Step 2: Obtain the block file name of the block file at the same time of the block storage, extract the “User address” of one or more participants in the current block, and write the “Block Name File” in the block name file storage structure.

Step 3: Record the SHA256 value of the new block name file record memory for anti–tamper requirements.

Step 4: Update the “Block Name Set” in the Redis cache.

3.2. Block Retrieval Algorithm through Redis Cache “Block Name Set”

When retrieving data, first use the “User Set” in the Redis cache to determine the address of the user (participant), and then search in the “Block Name Set” according to this address to obtain the name of the block to be retrieved. The specific methods are as follows:

Step 1: Obtain the names of one or more participants to be retrieved.
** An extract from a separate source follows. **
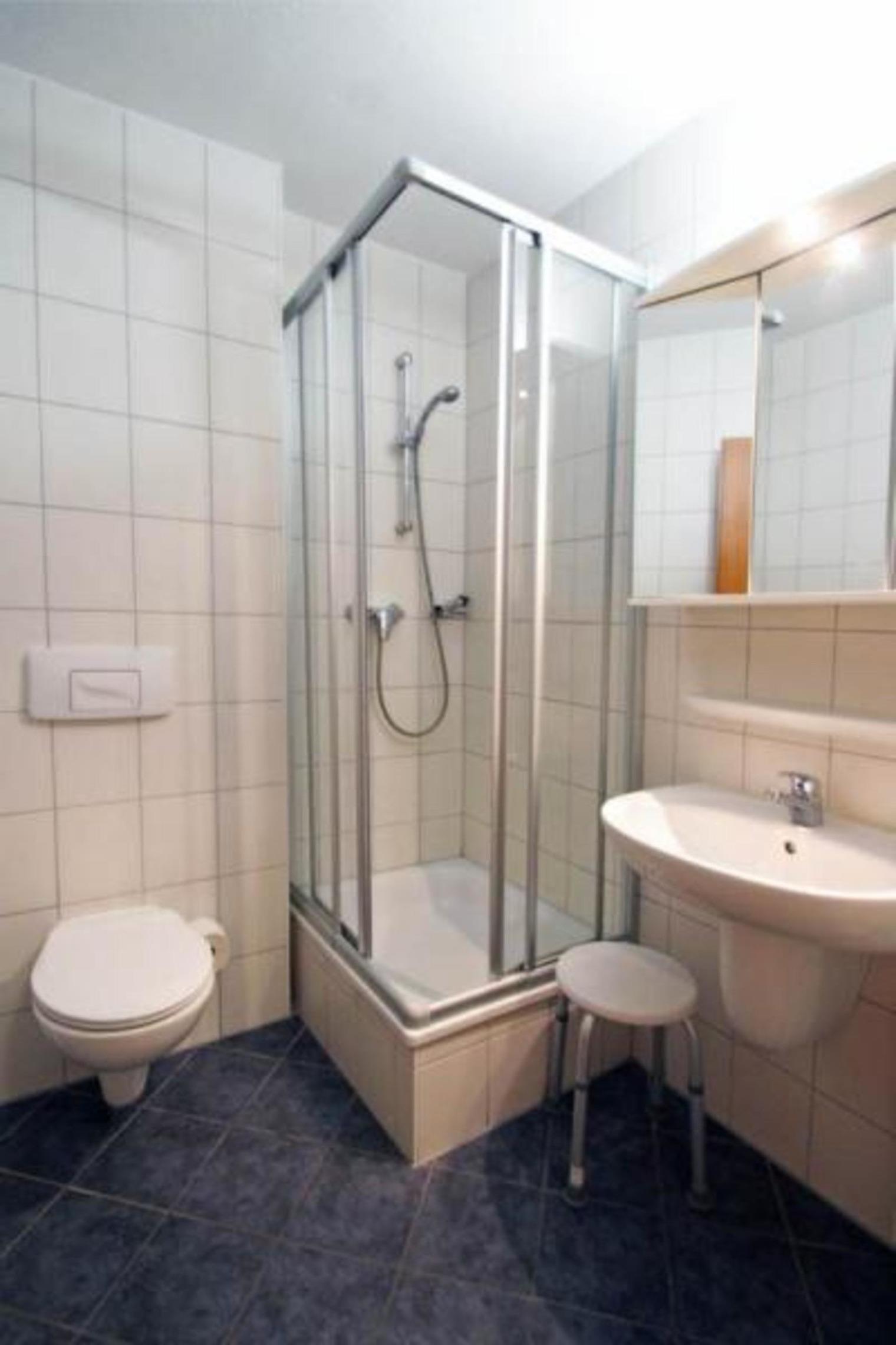 Das Badezimmer ist mit einer Dusche, Waschbecken und WC ausgestattet.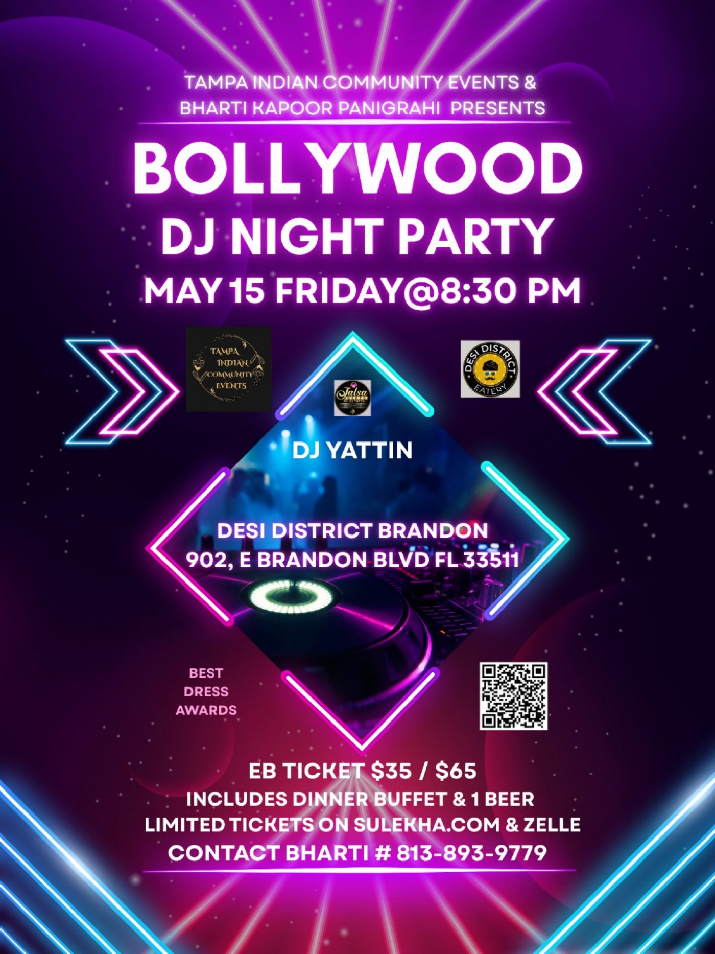Step into a vibrant world where music and dance collide in a mesmerizing fusion at the Bollywood DJ Night Party! Join us on May 15, 2026, at 8:30 PM at Desi District Brandon, 902 E Brandon Blvd, Brandon, FL 33511, United States, Brandon, for a night of pulsating beats and electrifying rhythms that will transport you to the magical realm of Bollywood.

Search the user set to find the user address from the user name. The user name here must be information that can identify the unique user to prevent users with the same name from affecting the search results. The system uses an ID number as the user name.

Step 2: In the “Block Name Set”, match the line by line by “User address” to find the block file name containing this user.

Step 3: Find the block from the block folder, parse the data and return it as query result.

The specific process is shown in Figure 6.

Through the above process, the block name file is searched in the Redis cache to obtain the file name list of all the blocks in which the queried user participates, and finally, the block files in the file name list are processed one-by-one in the disk file.

The differences between the application of Redis in block retrieval method and the traditional retrieval method are show in Figure 7.

The above process is implemented by Algorithm 1. RetrieveBlockNames(), as shown in “Block Name Set” retrieval algorithm.

Algorithm 1. RetrieveBlockNames(UserNames[1..n])

Input: UserNames[1..n]

Output: BlockNameSet

BlockNameSet←null

FileName←null

UserAddresses←null

// Search the “User Set” to find the UserAddresses from the UserNames

for i←1,..,n do

Find the “UserAddress” value corresponding to UserName[i] in “User Set”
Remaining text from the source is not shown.